There can't be profitable producing high volumes (60-70K units is high for this segment mind you), and now they expect to make money on 30K$ cars? I have only one thought; pink glasses.


----------



## mark_m5 (Sep 16, 2006)

They're investing in infrastructure. Have you seen the plans on their website for the expansion of the Supercharger station program? That costs money. But apparently each station is a money-maker also, according to the_phew.


----------



## the_phew (Mar 4, 2014)

mark_m5 said:


> But apparently each station is a money-maker also, according to the_phew.
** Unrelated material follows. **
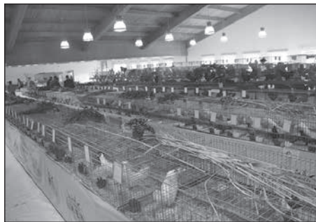
Seit 125 Jahren existiert der Rassegeflügelverein Großbröhrsdorf e.V. Mit einer Kreis-Rassegeflügel-Ausstellung feierte der Verein sein besonderes Jubiläum.
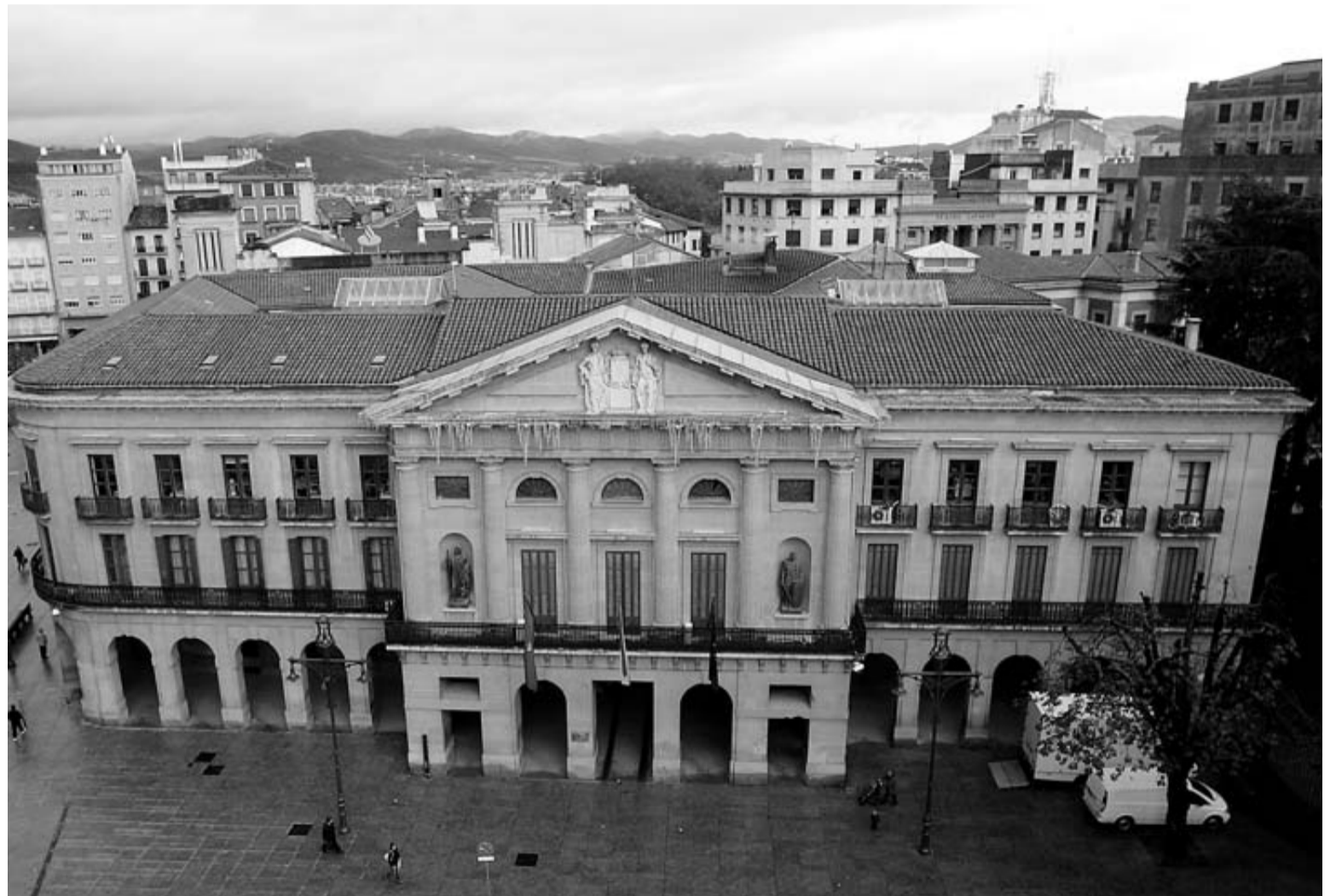
Vista del Palacio de Navarra, sede del Gobierno foral, en un día lluvioso.

Well not yet, but that's the plan.

Personally, I don't invest in Tesla (or any automaker for that matter) because the industry is too volatile. I can think of several scenarios that could bankrupt Tesla very quickly (a successful Supreme Court challenge of CARB's carbon credit marketplace would do it nearly overnight).


----------



## patchelect (Dec 16, 2014)

Tesla is intriguing. Elon Musk is making a ton of money using other peoples money to build his business model. The market for 100% electric cars will probably never get that large, especially with this interlude of cheap gasoline. And with the ever increasing MPG ratings of the fossil fuel powered vehicles, full electrics with their serious limitations, are going to be less desirable to most buyers. The other day I was on a drive from my home on Long Island to my Condo in the Berkshires and I was thinking about the practicality of a Tesla. In REAL world usage, a Tesla may not make the trip without a recharge. I travel about 200 miles in mixed traffic with mixed weather. A Tesla with its base battery pack is rated at 265 miles. That makes many assumptions, just like the MPG ratings. If I leave on a cold snowy day my range will be seriously diminished because I'm going to want some creature comforts like heat, windshield wipers, and a defroster. I can see the battery giving up the ghost while I'm on route 22 outside of Austerlitz. If I'm driving a fossil power vehicle I can pull into the next Shell station and get a splash, although I already know that I can make that trip hands down without needing any extra fuel in any of my vehicles. Until and unless battery technology improves AND the price of pure electrics drops to a realistic level, John Q Public won't be buying a Tesla any time soon. And while John Q isn't the guy who keeps Ferrari in business, I kind of doubt that Tesla will find enough enamored drivers who will keep his operation afloat. 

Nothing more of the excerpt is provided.